The external view of the CVRTI graphicsio file system is of two different file types, one that holds sampled time signals and the other that contains descriptions of geometry. Internally, we have implemented these as two facets of the same basic structure in order to share many internal data structures and access routines and thus reduce code development effort. User or programmer-level access to both files occurs largely through type-specific library functions, hence it seems suitable to maintain the logical separation of file types in the description that follows.

2.1.1 Cross-platform portability

The need for portability across operating systems required us to adopt a single storage format with internal conversion routines to take care of the byte-order swapping and difference in floating point storage that different computers require. Because we had more previous experience with VMS than any other system, we chose this as the basis for determining internal data representation--the graphicsio files are ``native'' to VMS. Access from outside VMS is supplemented by on-the-fly conversion routines that deal with all operating system differences. As a result the files themselves may be copied from system to system without regard to local data presentation standards or operating system. At this point, we have implemented the graphicsio file routines for VMS and a variety of Unix versions including SGI Irix, IBM AIX, Linux, and SunOS and Solaris for Sun workstations.

2.1.2 Geometry files

The purpose of the geometry files is to store the locations of sets of points in three-dimensional space, any connectivities that bind them into a mesh, and any scalar, vector, or tensor quantities that are associated with the points or polygons of the mesh. For the structure of the geometry files, we have chosen to organize these points into ``metasurfaces''. More accurately, a metasurface combines nodes and connectivity information; the connectivity can be in the form of line segments, triangles, or tetrahedra (with other polygons possible should the need arise). To each point or polygon of each surface we can associate additional quantities--scalars, vectors, and tensors are currently supported. Physical examples would be electrical conductivity--either scalar or tensorial--at a point; a normal vector at a point or for a planar polygon; or a value which defines the tissue type or anatomical context of a point or element. What we do not associate with geometry are time signals; these live in a separate file type described in Section 2.1.3.

The logical structure of the CVRTI geometry file format is shown in Figure 2.1. The hierarchal structure of the geometry file is a tree with a single header at the top containing file type, text description, number of surfaces, etc.,. Below the main header are the metasurfaces, each of which contains points, then optionally one or more sets of connectivities based on polygons. Below each set of points or polygons are the associated sets of scalars, vectors, or tensors. Each geometry file contains some subset of all the possible elements shown in the figure, however, at a minimum a geometry file must contain just one point; everything else is optional. There is no limit (other than that dictated by 4-byte long-integer representations in the computer) to the number of nodes, polygons, or associated values a surface may possess, nor in the number of surfaces in a single file.

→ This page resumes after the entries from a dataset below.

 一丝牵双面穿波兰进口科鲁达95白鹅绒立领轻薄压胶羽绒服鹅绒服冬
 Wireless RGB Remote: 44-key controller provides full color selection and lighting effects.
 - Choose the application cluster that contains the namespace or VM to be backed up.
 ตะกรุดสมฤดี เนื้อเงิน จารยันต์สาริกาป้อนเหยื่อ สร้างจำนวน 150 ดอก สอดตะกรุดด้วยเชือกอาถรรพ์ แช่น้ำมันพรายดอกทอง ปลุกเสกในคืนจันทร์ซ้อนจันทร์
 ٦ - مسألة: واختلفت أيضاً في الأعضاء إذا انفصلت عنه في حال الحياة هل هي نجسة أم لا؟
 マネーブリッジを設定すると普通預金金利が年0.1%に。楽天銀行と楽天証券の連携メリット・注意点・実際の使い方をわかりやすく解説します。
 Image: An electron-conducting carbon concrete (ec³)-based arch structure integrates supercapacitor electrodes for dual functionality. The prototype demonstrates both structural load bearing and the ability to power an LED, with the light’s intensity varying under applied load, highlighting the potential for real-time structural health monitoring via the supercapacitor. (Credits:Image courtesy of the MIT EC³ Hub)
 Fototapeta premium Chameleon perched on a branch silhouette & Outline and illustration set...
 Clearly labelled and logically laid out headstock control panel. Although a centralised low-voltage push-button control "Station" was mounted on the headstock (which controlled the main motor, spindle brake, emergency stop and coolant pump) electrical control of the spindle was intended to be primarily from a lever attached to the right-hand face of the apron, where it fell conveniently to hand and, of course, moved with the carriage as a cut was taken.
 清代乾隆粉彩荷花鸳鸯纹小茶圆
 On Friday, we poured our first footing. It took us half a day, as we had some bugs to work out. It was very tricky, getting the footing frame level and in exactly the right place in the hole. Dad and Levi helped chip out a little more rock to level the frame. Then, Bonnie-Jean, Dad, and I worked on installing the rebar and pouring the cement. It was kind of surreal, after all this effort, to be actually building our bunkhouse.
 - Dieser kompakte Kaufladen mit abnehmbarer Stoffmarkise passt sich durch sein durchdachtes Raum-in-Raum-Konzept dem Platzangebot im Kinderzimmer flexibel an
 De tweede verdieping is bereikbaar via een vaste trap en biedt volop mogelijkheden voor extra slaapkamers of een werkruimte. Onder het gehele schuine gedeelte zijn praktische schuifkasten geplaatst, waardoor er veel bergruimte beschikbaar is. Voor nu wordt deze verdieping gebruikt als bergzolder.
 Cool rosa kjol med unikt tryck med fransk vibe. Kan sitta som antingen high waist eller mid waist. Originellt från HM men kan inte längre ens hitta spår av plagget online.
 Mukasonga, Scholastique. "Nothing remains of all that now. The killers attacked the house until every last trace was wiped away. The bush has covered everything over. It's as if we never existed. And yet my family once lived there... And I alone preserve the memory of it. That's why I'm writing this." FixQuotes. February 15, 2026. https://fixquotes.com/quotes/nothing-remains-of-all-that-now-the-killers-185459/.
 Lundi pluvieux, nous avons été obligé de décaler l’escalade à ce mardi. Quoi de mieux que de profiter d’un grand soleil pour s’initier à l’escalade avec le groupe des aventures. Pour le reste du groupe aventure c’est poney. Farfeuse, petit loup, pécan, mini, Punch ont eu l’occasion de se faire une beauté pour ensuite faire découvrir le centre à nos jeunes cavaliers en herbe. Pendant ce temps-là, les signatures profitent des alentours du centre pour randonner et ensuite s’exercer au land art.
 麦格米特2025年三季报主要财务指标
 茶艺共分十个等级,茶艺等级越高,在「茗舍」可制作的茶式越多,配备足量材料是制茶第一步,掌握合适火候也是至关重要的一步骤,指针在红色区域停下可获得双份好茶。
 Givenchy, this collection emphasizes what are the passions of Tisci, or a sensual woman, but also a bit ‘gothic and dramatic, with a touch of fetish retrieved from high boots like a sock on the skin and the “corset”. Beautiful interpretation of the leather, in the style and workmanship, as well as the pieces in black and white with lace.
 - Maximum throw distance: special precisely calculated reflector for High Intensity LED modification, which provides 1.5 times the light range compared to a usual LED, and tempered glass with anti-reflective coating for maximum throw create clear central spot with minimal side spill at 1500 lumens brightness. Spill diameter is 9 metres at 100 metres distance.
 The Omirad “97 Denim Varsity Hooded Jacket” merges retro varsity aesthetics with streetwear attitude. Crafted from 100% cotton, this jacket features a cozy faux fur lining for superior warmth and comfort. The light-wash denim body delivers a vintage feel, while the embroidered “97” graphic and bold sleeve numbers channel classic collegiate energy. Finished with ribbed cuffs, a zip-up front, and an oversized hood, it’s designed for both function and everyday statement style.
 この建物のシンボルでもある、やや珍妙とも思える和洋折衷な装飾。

The different metasurfaces of a file typically represent physically different sets of points, for example, one surface of measurement electrodes on the heart surface and a second one from the body surface, or temperature sensors divided into one surface at ground level, one at 5,000 feet and a third at 10,000 feet in the atmosphere.

Figure 2.1: Overall structure of the geometry file within graphicsio.
\begin{figure}\centerline{\epsfig{file=figures/gfile-structure.epsf,height=5in}}\end{figure}


2.1.2.1 Channels and leads

There is often confusion with the meaning of the terms ``leads'', and ``channels'' and their association with nodes in the geometry. As we will see in the next section, time signals are organized into channels of data, each representing the stream of numbers that passed through a specific channel of an acquisition system. Leads also refer to time signals, but usually have meaning in the specific context of the sensor location (and not necessarily the input amplifier of the acquisition system). For example, a lead might refer to the standard ECG leads on the torso surface called V1- V6 and we often need to know what the corresponding channels in the data stream were, and to which nodes of the torso geometry they correspond. The sensor labeled lead- V1 may be located at node J and the time signal from this sensor may be acquired through amplifier channel K. If J = K then the link between node and channel can be implicit and the numbering schemes are superimposed. If, as is more often the case, the numbering schemes differ, then some means of linking them is necessary. The leads and channels arrays (and associated files) take care of this linking.

The figure 2.2 shows an example of lead, channels, and channel-links information for a hypothetical case. See the figure caption for details.

Figure 2.2: Example of the indirection possible through the use of leadlinks, channel, andchannellinks information. Lead number 4 points, via the leadlinks array to node number 22. This, in turn, points via the channels array to location 92 in the time signal file, which causes the value at location 92 to be loaded into location 22 in the internal time series array. In a separate, channellinks array, shown below the leadlinks array, the entry in lead 4 says that that lead should actually be called lead `` V1''. Any labeling of the leads should reflect all these indirections.
\begin{figure}\centerline{\epsfig{file=figures/map3d-indirection.epsf,height=4in}}\end{figure}

Leadlinks, channels, and channellinks files are separate entities outside of the graphicsio file system and are described in detail in the map3d manual. Channels information can also reside in a graphicsio geometry file, as an associated scalar value to each node. Because channel links are usually stable for an entire experiment or set of simulations, we have chosen the geometry file rather than the time signal file as the logical place for this information. At present, there is no place in the graphicsio files for leadlinks or channellinks information.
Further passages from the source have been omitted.